= Beginning of Section =

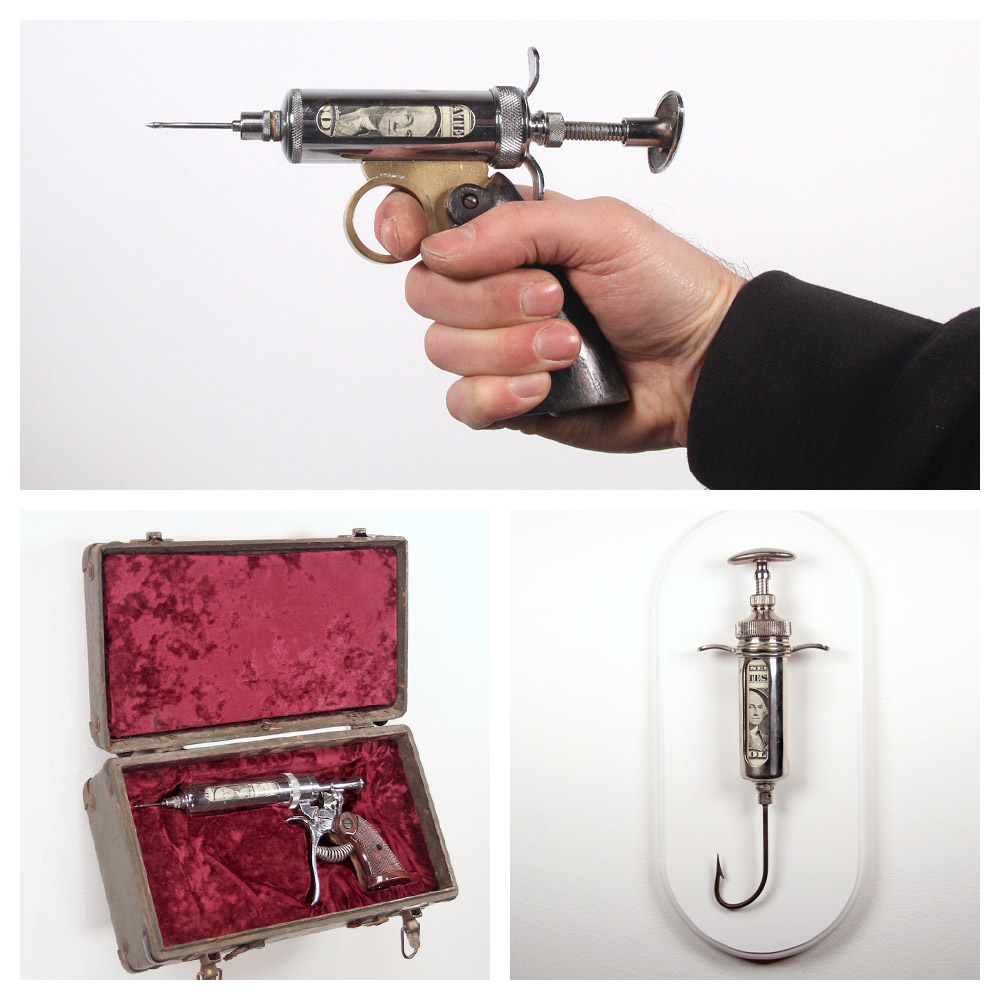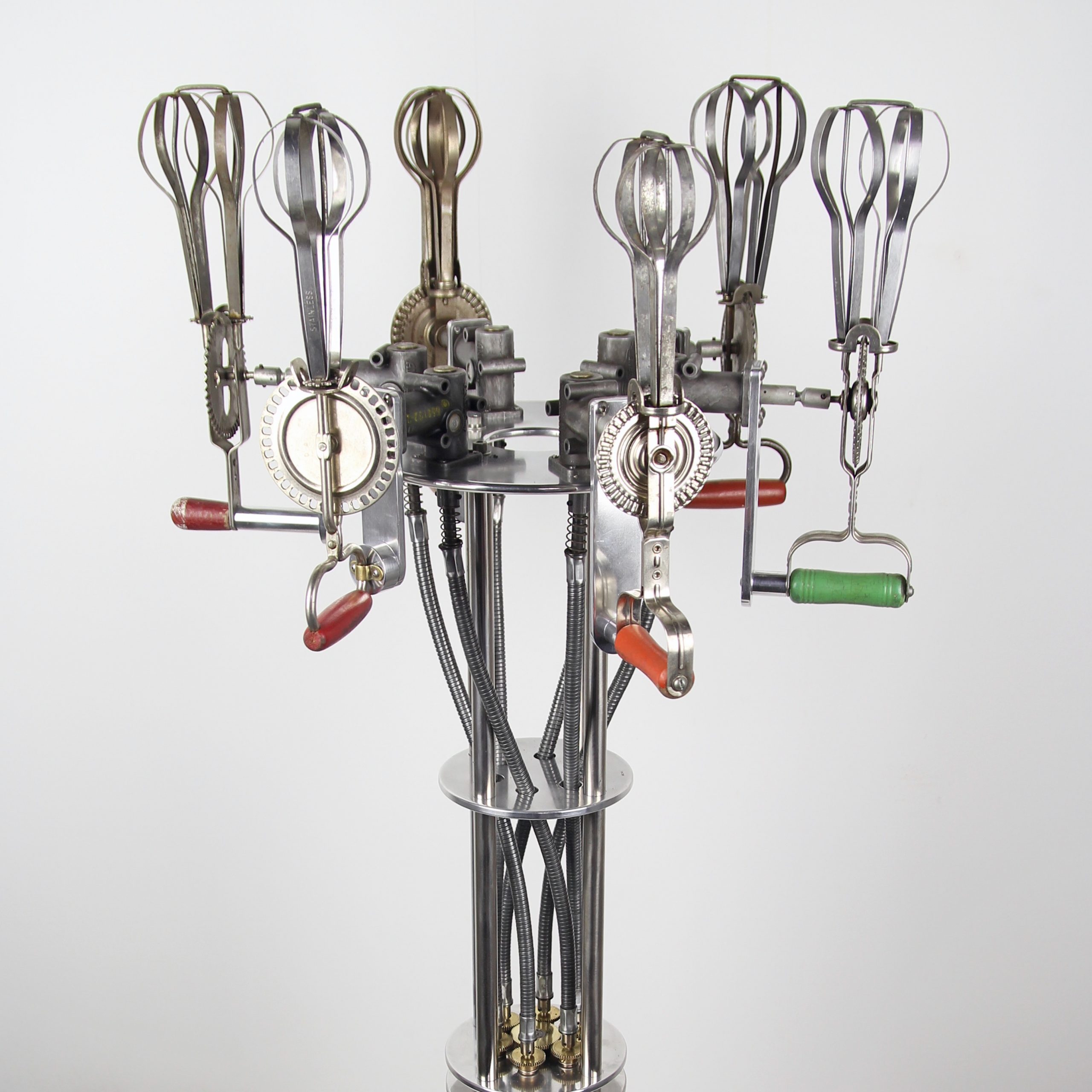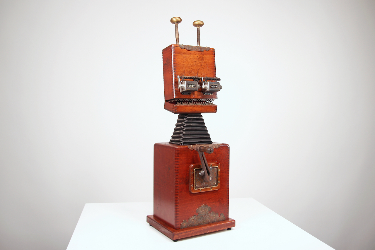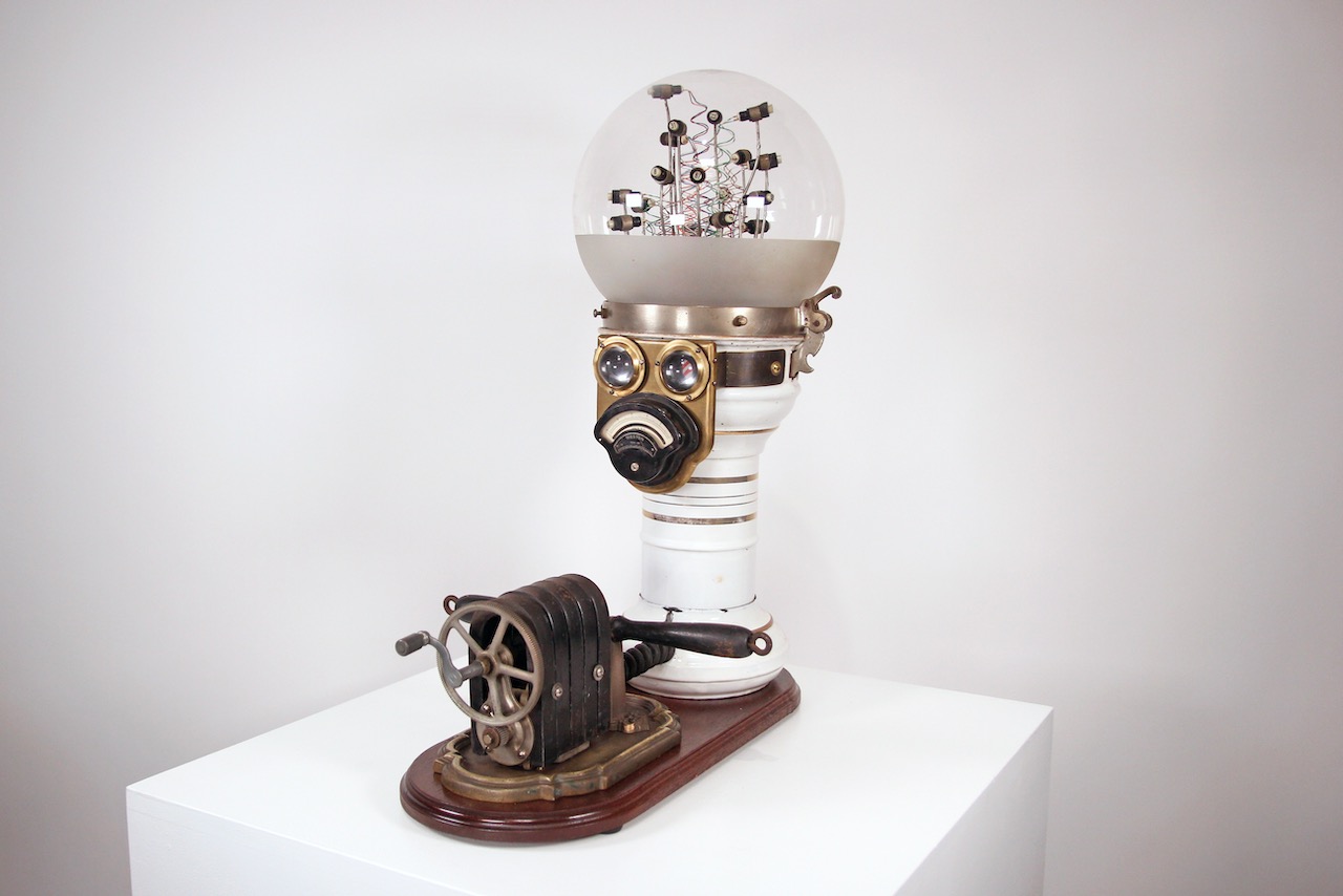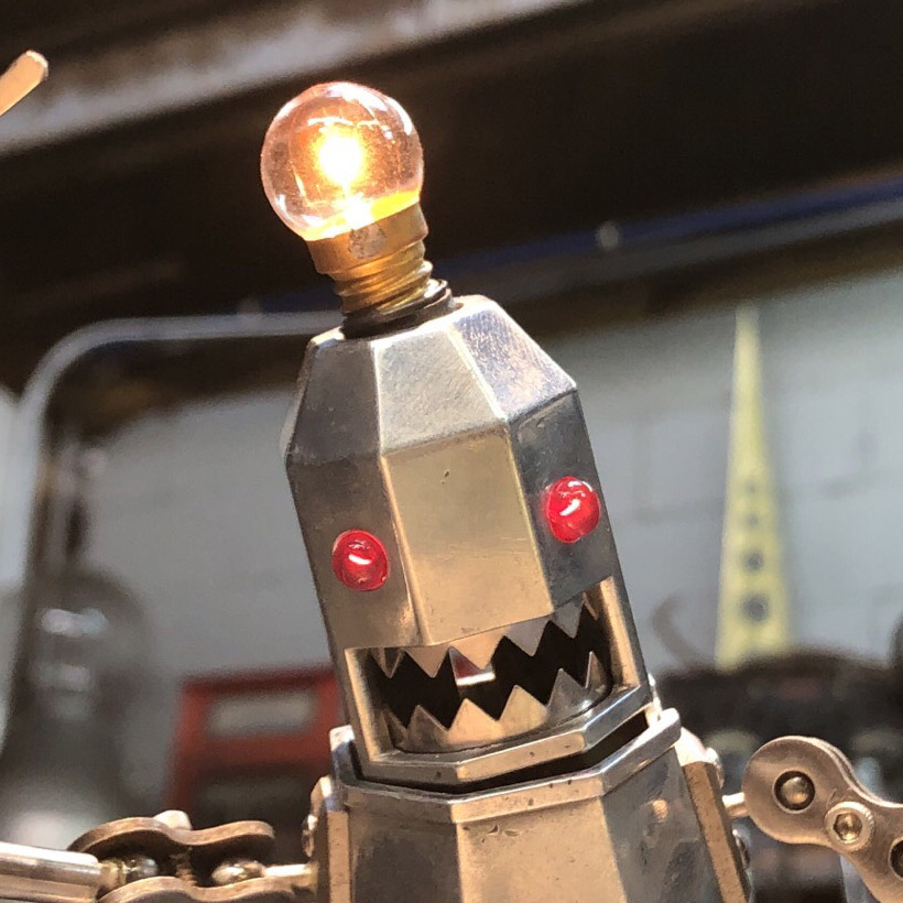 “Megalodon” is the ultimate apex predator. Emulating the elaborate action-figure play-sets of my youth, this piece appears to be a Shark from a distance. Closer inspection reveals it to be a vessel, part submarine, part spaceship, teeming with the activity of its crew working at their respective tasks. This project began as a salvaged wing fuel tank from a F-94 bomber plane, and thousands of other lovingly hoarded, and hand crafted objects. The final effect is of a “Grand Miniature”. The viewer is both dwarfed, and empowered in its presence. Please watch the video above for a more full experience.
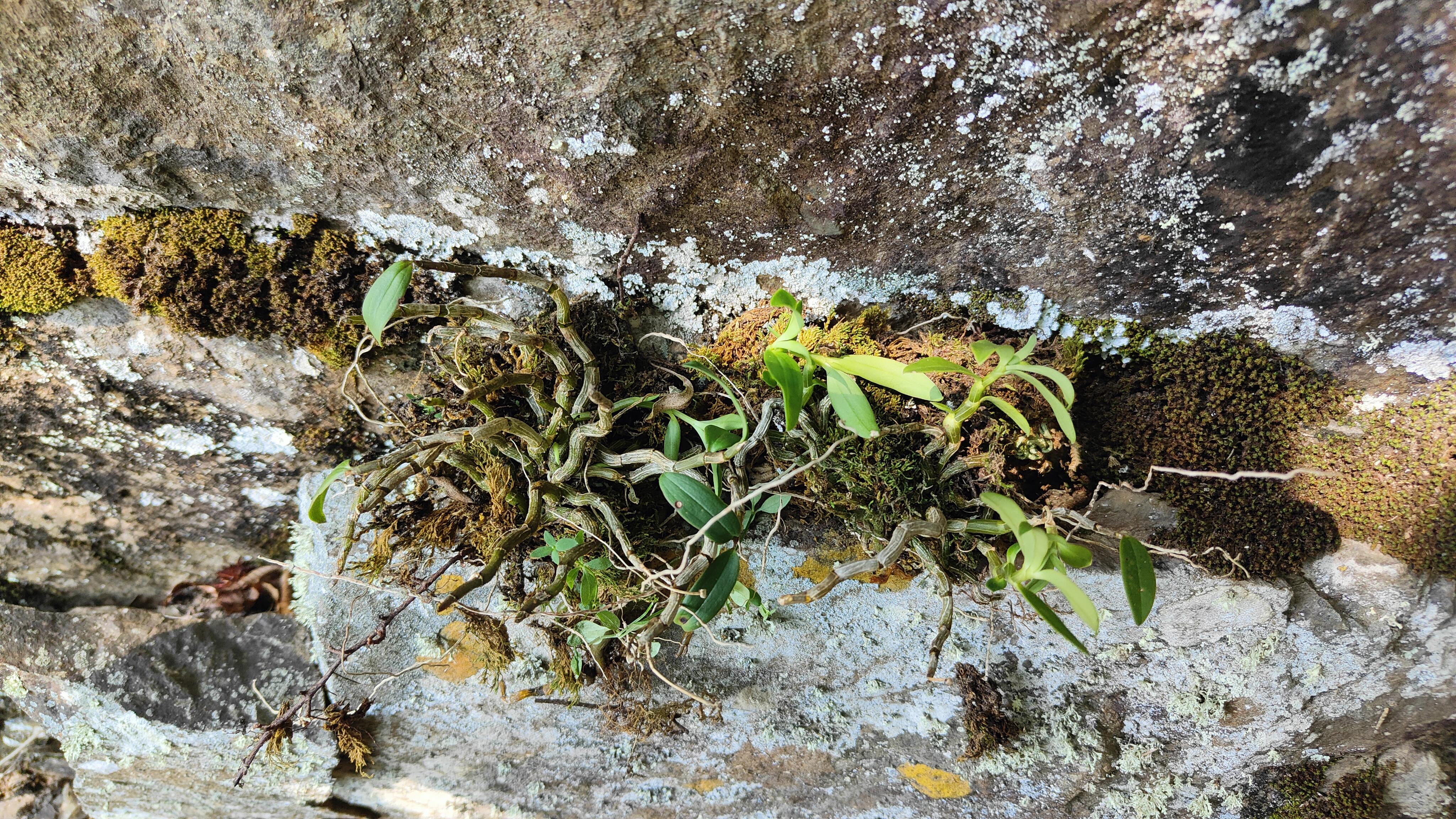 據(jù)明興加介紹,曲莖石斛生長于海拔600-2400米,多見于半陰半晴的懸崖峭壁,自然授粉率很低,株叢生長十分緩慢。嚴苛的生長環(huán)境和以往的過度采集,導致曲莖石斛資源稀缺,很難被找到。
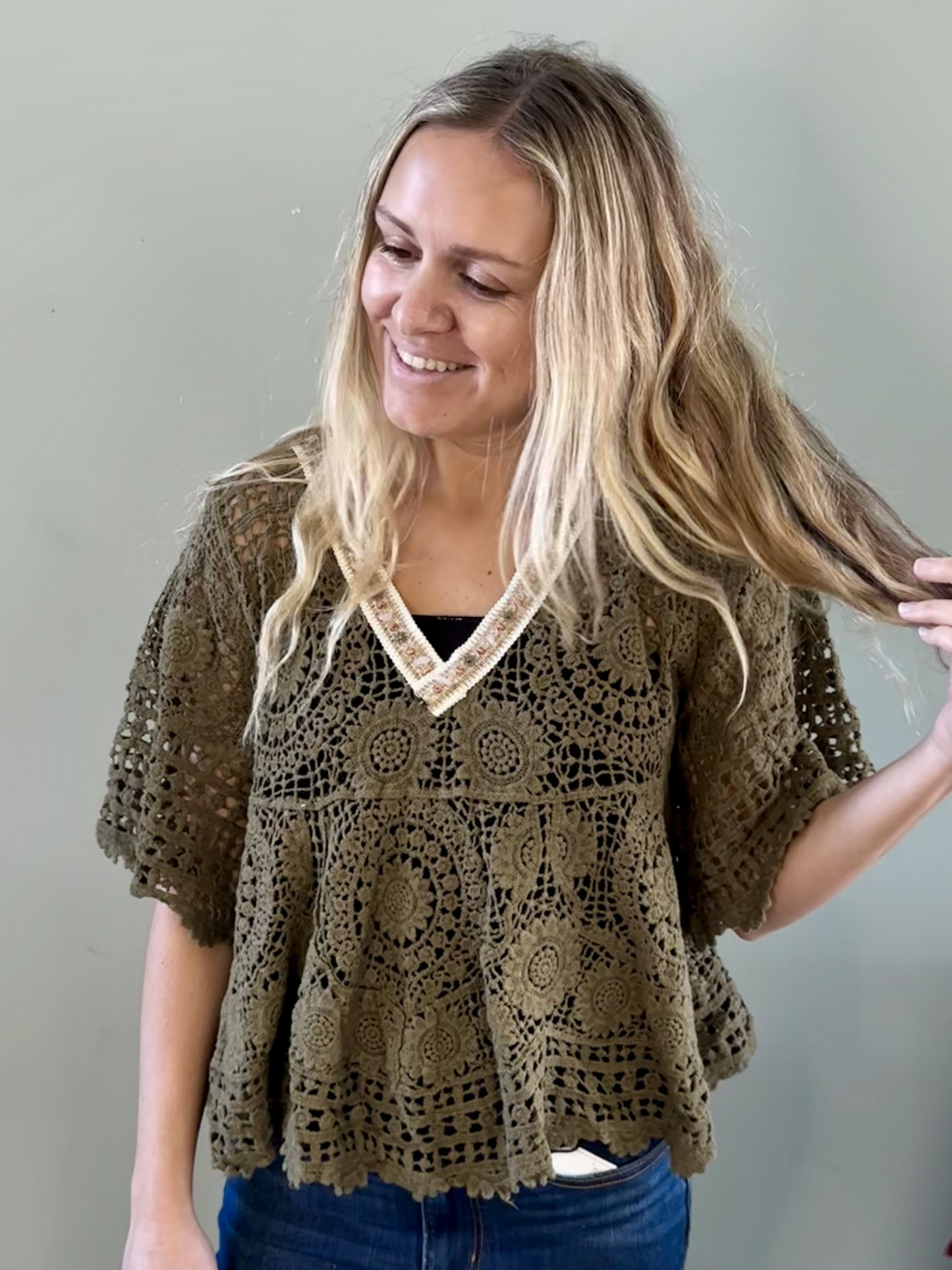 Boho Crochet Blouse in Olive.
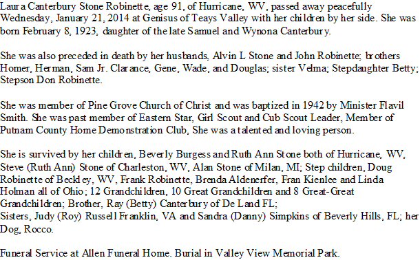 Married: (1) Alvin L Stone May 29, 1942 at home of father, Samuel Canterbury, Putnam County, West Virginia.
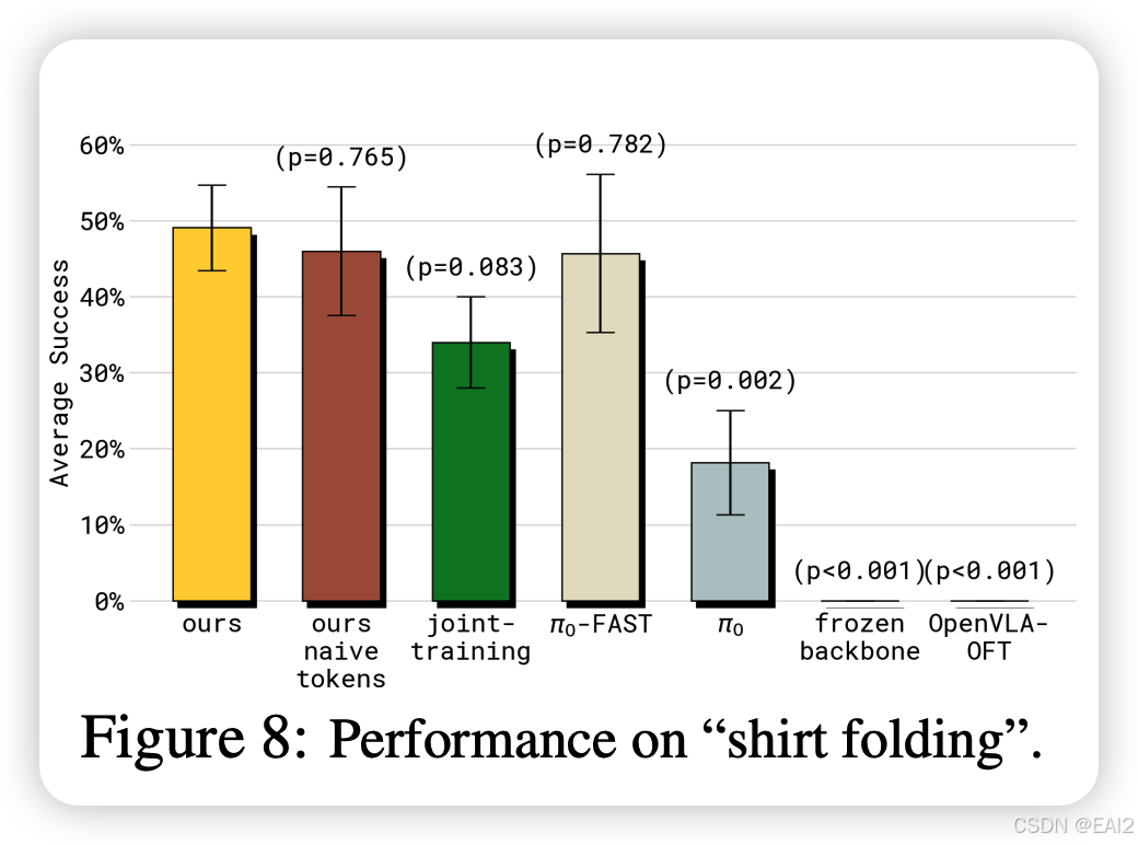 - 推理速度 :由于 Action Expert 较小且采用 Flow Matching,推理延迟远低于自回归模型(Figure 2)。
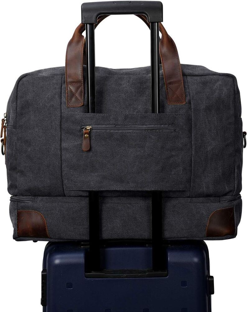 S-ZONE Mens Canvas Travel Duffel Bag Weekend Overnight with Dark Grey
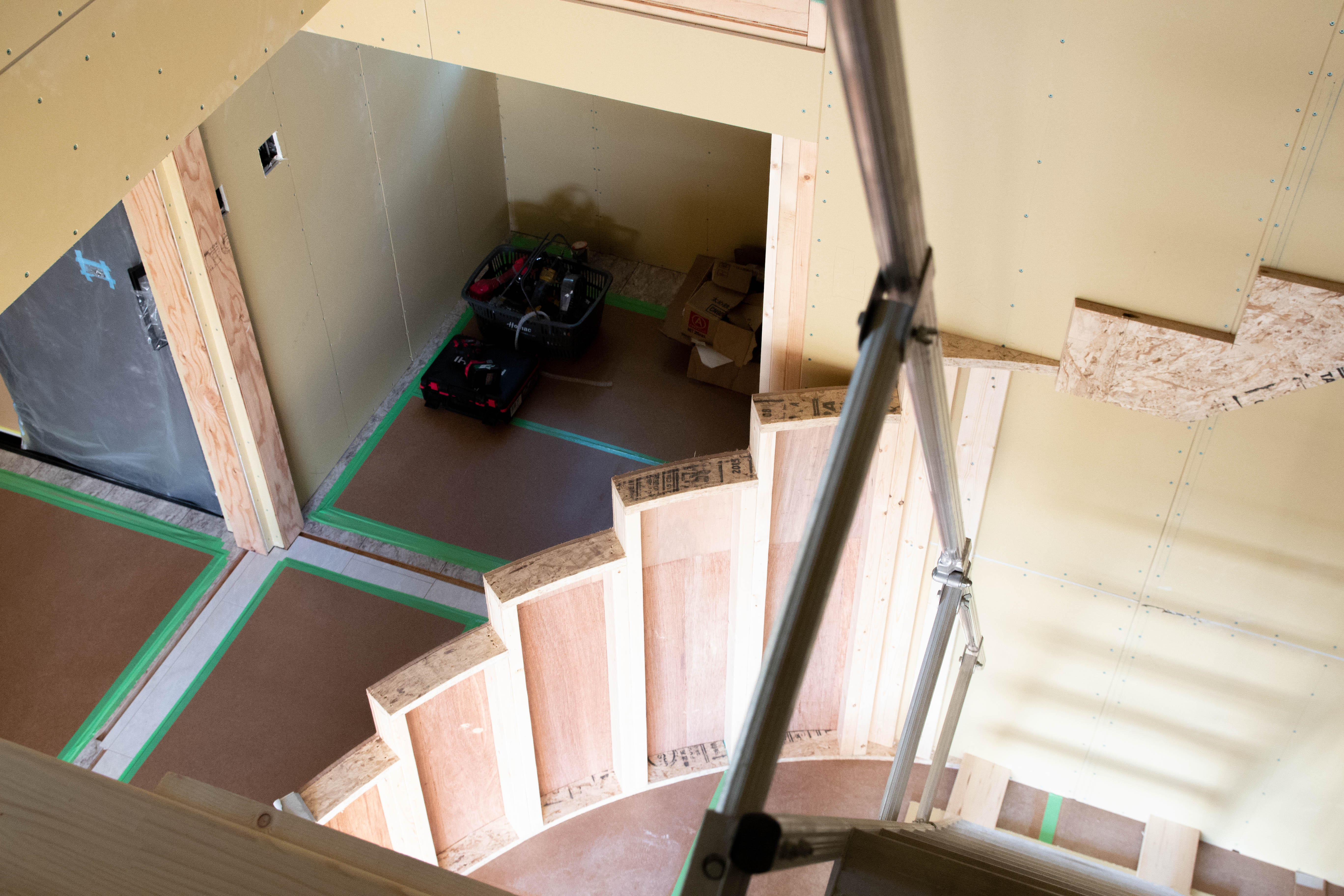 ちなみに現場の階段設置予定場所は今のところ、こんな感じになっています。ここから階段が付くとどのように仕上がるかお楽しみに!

= End of Section =

Write the full listing out again with every line unchanged, but include no pictures.

Result for this task
 “Megalodon” is the ultimate apex predator. Emulating the elaborate action-figure play-sets of my youth, this piece appears to be a Shark from a distance. Closer inspection reveals it to be a vessel, part submarine, part spaceship, teeming with the activity of its crew working at their respective tasks. This project began as a salvaged wing fuel tank from a F-94 bomber plane, and thousands of other lovingly hoarded, and hand crafted objects. The final effect is of a “Grand Miniature”. The viewer is both dwarfed, and empowered in its presence. Please watch the video above for a more full experience.
 據(jù)明興加介紹,曲莖石斛生長于海拔600-2400米,多見于半陰半晴的懸崖峭壁,自然授粉率很低,株叢生長十分緩慢。嚴苛的生長環(huán)境和以往的過度采集,導致曲莖石斛資源稀缺,很難被找到。
 Boho Crochet Blouse in Olive.
 Married: (1) Alvin L Stone May 29, 1942 at home of father, Samuel Canterbury, Putnam County, West Virginia.
 - 推理速度 :由于 Action Expert 较小且采用 Flow Matching,推理延迟远低于自回归模型(Figure 2)。
 S-ZONE Mens Canvas Travel Duffel Bag Weekend Overnight with Dark Grey
 ちなみに現場の階段設置予定場所は今のところ、こんな感じになっています。ここから階段が付くとどのように仕上がるかお楽しみに!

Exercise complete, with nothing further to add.